- _What to work on_
The entries below contain pictures, which are to be left out; write out exactly, and only, the lines from the line with "Elvis Presley World doll in box" up to and including the line with "Shopping, heritage, entertainment, recreation, food".

- _Supplied entries_
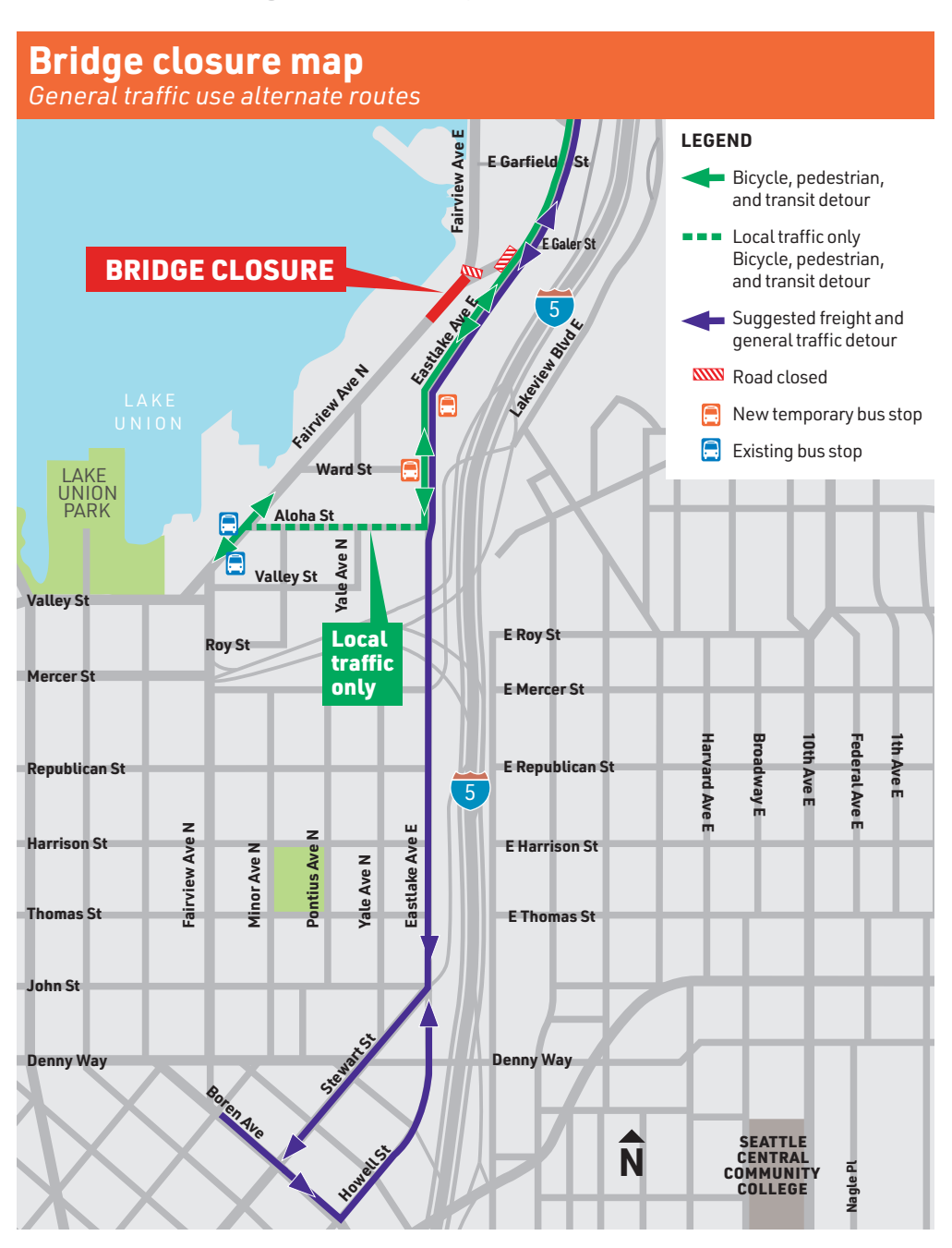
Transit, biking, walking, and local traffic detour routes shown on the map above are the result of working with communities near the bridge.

...

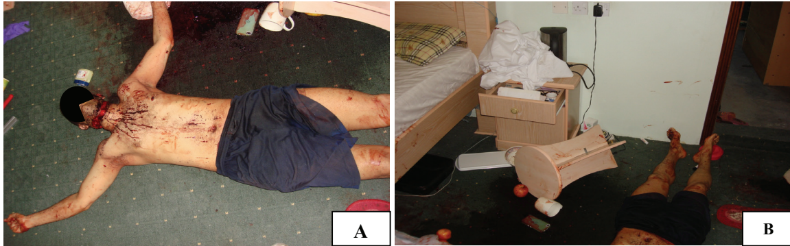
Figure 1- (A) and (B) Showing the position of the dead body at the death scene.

* * *

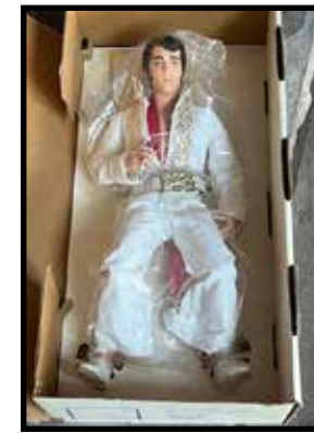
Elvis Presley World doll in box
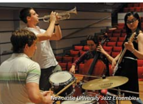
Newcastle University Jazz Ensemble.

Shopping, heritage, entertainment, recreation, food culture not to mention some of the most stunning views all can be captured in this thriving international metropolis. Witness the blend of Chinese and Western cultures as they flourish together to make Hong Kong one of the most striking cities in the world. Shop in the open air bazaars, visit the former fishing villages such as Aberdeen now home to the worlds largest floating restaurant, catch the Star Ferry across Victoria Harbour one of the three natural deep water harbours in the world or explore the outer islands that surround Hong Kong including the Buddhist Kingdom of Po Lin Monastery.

- _Result for this exercise_
Elvis Presley World doll in box
Newcastle University Jazz Ensemble.

Shopping, heritage, entertainment, recreation, food culture not to mention some of the most stunning views all can be captured in this thriving international metropolis. Witness the blend of Chinese and Western cultures as they flourish together to make Hong Kong one of the most striking cities in the world. Shop in the open air bazaars, visit the former fishing villages such as Aberdeen now home to the worlds largest floating restaurant, catch the Star Ferry across Victoria Harbour one of the three natural deep water harbours in the world or explore the outer islands that surround Hong Kong including the Buddhist Kingdom of Po Lin Monastery.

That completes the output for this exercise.